L’été est arrivé et, avec lui, s’amorce une nouvelle saison de barbecue. Pour plusieurs d’entre nous, cela nous ramène aux grillades, saucisses merguez ou hamburgers partagés avec la famille, les parents et les amis. Comme rapporté tout dernièrement par Radio-Canada ou d’autres médias, connaît-on exactement ce qu’on mange ! De la saucisse merguez contenant outre le bœuf et l’agneau, du porc et du cheval et ce, en quantité tout aussi importante que les deux ingrédients qui doivent la constituer normalement. De l’huile d’olive contrefaite ou un poisson à la place de celui qu’on croyait acheter ! Est-ce normal ?
Plusieurs cas de fraude alimentaire nous sont rapportés fréquemment. Tout dernièrement, une entreprise de l’Ontario a été condamnée par l'Agence canadienne d'inspection des aliments (ACIA) à la plus importante peine jamais imposée au Canada pour avoir enfreint les lois sur l'étiquetage. Cette dernière devra débourser 1,5 million de dollars en amendes pour avoir vendu des légumes importés en prétendant qu'ils étaient des produits locaux.
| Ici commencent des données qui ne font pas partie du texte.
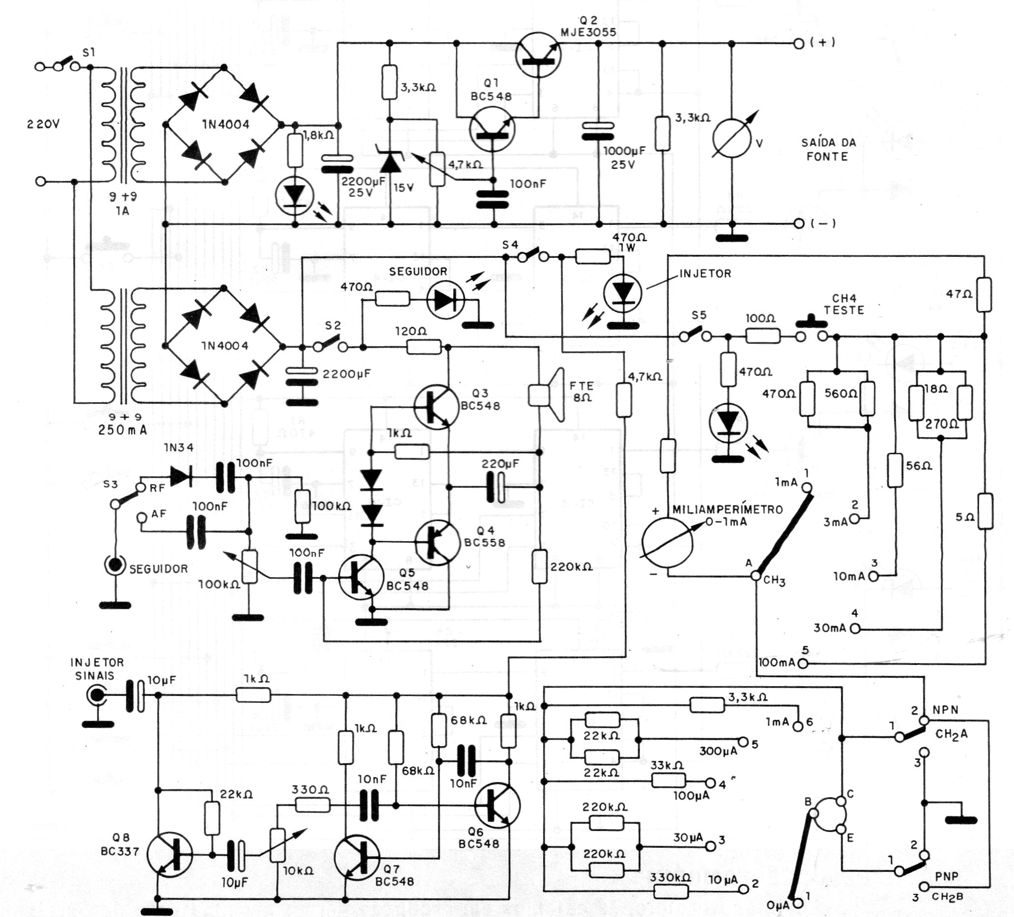 Encontramos este circuito en una documentación de 1995. Incluye varios recursos importantes para una bancada de pruebas, tales como fuente, seguidor de señales, inyector de señales y probador de transistores. El transistor de la fuente debe montarse en un disipador de calor. La fuente es ajustable de 0 a 12 V con salida máxima de 1 A.

Dans une lettre d’opinion publiée par La Presse en juin dernier, Sylvain Charlebois, doyen de la faculté de management et professeur titulaire en distribution et politiques agroalimentaires à l’université Dalhousie nous apprenait des faits troublants. Selon lui, «au Canada, une étude récente basée sur des tests d’ADN a démontré que plus de 36 % des échantillons analysés indiquaient le mauvais type de poisson sur l’emballage, soit plus d’un paquet sur trois». Il semble que le problème d’étiquetage soit le prétexte plus souvent invoqué. Le professeur Charlebois nous mentionne que ce phénomène risque de se multiplier au cours des prochaines années.
De plus, il rappelle que la fraude est un phénomène planétaire et non uniquement canadien. Par conséquent, il nécessite en raison de sa complexité de mettre à contribution des actions concertées entre les paliers de gouvernement et les régulateurs déjà en place comme l’ACIA. Des techniques émergentes comme les tests d’ADN devraient permettre de démasquer rapidement les fraudeurs et d’atténuer les cas de fraude.
Mais je partage également l’opinion du professeur Charlebois pour que l’ACIA impose des sanctions financières correspondantes à un montant supérieur au gain escompté par la fraude en question. C’est inacceptable que les fraudeurs ne soient pas suffisamment punis, car, dans certains cas, à défaut d’étiquetage indiquant la présence de tous les ingrédients, ils mettent en péril la vie des consommateurs notamment ceux qui souffrent d’allergies et d’intolérance à certains aliments.
À l’instar du ministre Paradis, il propose que le consommateur puisse, de plus en plus, jouer un rôle de premier plan. M. Charlebois croit que «le meilleur moyen d’instaurer de la discipline au sein de la chaîne alimentaire est de mieux outiller le véritable PDG de l’industrie alimentaire : le consommateur». Cette idée m’apparaît fort intéressante et surtout fort judicieuse. La fraude alimentaire ne date pas d’hier et connaissant l’humain, il sera toujours tentant de recourir à l’escroquerie pour faire plus d’argent.
C’est pourquoi permettre au consommateur de jouer un rôle accru me semble la voie à privilégier. Actuellement disponible en Europe, un outil donne un rôle accru au consommateur et lui permet de télécharger sur son téléphone intelligent une application mobile assurant la véracité des informations affichées sur les étiquettes telles que l’origine des aliments, les dates d’abattage et d’emballage.
Afin de combattre la fraude et assurer une plus grande sécurité alimentaire, je crois que la voie à privilégier pour le ministre Paradis est bien celle-ci. La chaîne de distribution alimentaire et les producteurs du Québec devraient s’insérer dans cette tendance, car, dans un avenir plus ou moins lointain, les technologies nous y amèneront et permettront au consommateur de valider, en temps réel, avec leur téléphone intelligent toutes les informations allant de la certification biologique aux ingrédients utilisés par les transformateurs.
Le consommateur est un joueur-clé et il ne faut pas sous-estimer son rôle dans la lutte à la fraude et à la sécurité alimentaire.